Haberde İsrail'in Lübnan’ın Nabatiye bölgesindeki bir alüminyum fabrikasını bombalamasına cevap olarak Hizbullah’ın Şlomi yerleşiminde İsrail askeri endüstrileri için hayati öneme sahip ‘Rafael’ şirketinin sanayi kompleksini vurduğu hatırlatıldı.
Hizbullah’ın bu saldırısının İsrail rejimine ağır bir darbe olduğunun belirtildiği haberde şirket düzeyinde, fabrikanın bombalanmasının kuzeydeki göreceli sakinliği ortadan kaldırdığı ve burada askeri bir acil durum ilan edildiği bildirildi.
Burada askeri acil durum ilan edilmesi, Lübnan sınırından yaklaşık 5 kilometre genişliğinde bir sınır kuşağı içinde, herhangi bir İsrail endüstriyel faaliyeti için uygun olmayan bir yer haline geldiği anlamına geliyor.
İsrail ordusunun kuzey cephesinde caydırıcılık şimdiye kadar herhangi bir fark yaratamaması sebebiyle bölgeden göç eden İsrailliler yerleşimlere geri dönmeyi reddediyor.

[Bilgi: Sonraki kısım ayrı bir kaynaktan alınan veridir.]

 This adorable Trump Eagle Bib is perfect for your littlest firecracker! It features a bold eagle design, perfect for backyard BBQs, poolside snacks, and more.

Bu ise Lübnan sınır bölgelerinde endüstriyel kalkınmayı, yerleşimcilerin konut beklentilerini ve ekonomik faaliyetleri ortadan kaldırdı.
Turizm sektörü
Tarım ve sanayi sektörlerinin yanı sıra İsrail’in turizm sektörü de ağır ve uzun süreli bir darbe aldı.

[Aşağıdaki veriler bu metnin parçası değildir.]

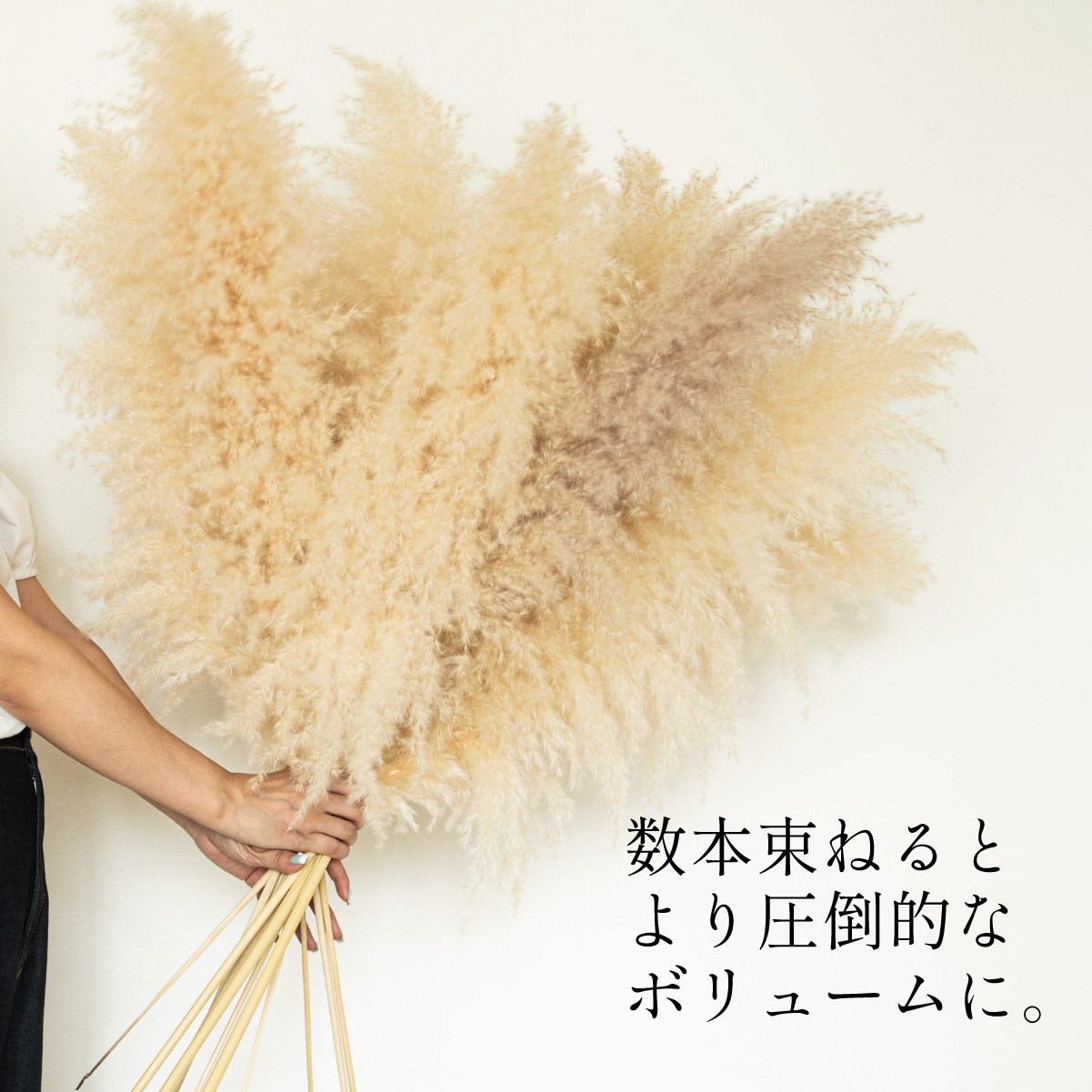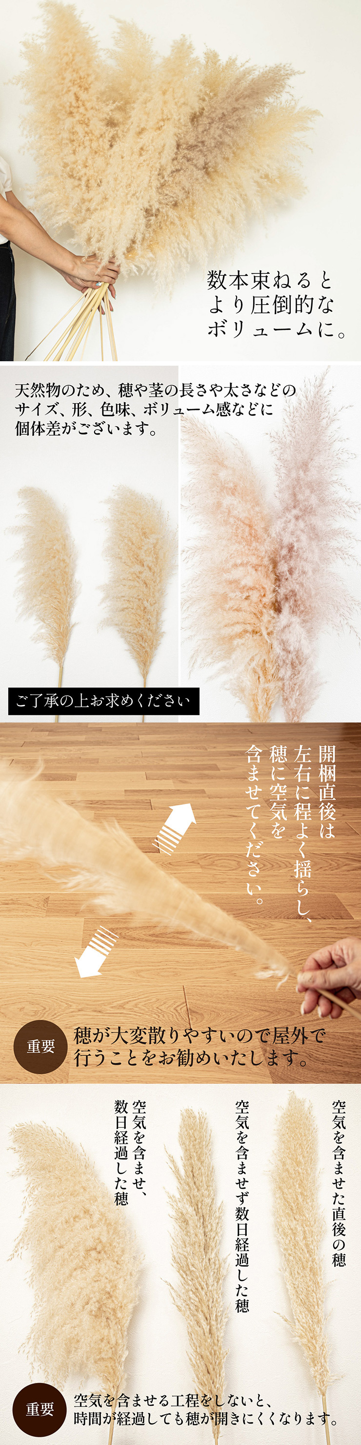 | Pampas Grass(パンパスグラス) 天然Lサイズ 12本セット ふわふわ感がたまらない ふわふわとした質感と、自然を生かした色味が特徴のパンパスグラス。 北欧インテリアや韓国インテリアでは欠かせない存在になっています。 取り入れやすいアイテムで、置くだけでお部屋をお洒落に見せてくれるのでコーディネート初心者さんにもおすすめ! お部屋に温かみをプラスし、居心地のいい空間に変えてくれます。 生活感がでがちなダイニング周りも、パンパスグラスを置くことでお洒落な空間を作ることができます。 無機質になりがちな御手洗も、パンパスグラスの華やかさで一気に雰囲気を変えることができます。 洗面室にパンパスグラスを取り入れることで、日常の空間にさりげないエレガンスをプラスできます。 お客様から見られる頻度が多い玄関は、特にオシャレにしておきたいもの。 ※天然物のため、穂や茎の長さや太さなどのサイズ、形、色味、ボリューム感などに個体差がございます。ご了承の上お求めください。 | |

İsrail Kanal 12 web sitesi, ‘Turizme verilen zarar uzun vadeli olacak’ diyerek, savaş bitse bile, dünyadaki insanların seyahat için artık daha güvenli yerler seçeceğini bildirdi.
Site, ‘Kinnerit Üniversitesi Turizm ve Otel İşletmeciliği Bölümü araştırmacısı Eran Ketter, savaşın İsrail turizmi üzerindeki etkisinin seyahat uyarılarının ve bugünlerde İsrail’i ziyaret etme yasağının ötesine geçtiğini bildirdi ve ‘İsrail'in imajı’ ve markası üzerinde uzun vadeli etkilerinin olacağını söyledi.
İsrail ekonomi sitesi Globes, turizm tesislerinin ve restoranların, rejimin en büyük finans şirketlerinden biri olan Phoenix Gamma'nın endekside de ‘savaşın ana kurbanlarından biri olduğunu belirtti.
Phoenix Gamma Endeksi'ne göre, 2023'ün dördüncü çeyreğinde, 2022'nin sonuna kıyasla, kendi kategorisindeki turizm tesisi %73 azaldı.
Kuzeyde, İsrail rejiminin işgali altındaki Lübnan’a ait Kefer Şuba bölgesinde Aksa Tufanı’ndan sonra kayak merkezleri, restoranlar ve turistik tesislerde turistten ve ziyaretçiden eser kalmadı.
İsrail hükümetinin Lübnan sınırından tahliye ettiği binlerce yerleşimciyi Eilat'ta otellere yerleştirdiğinin belirtildiği haberde masrafların olağanüstü artmasından dolayı yeni yerleşimci kabul edilemediği bildirildi.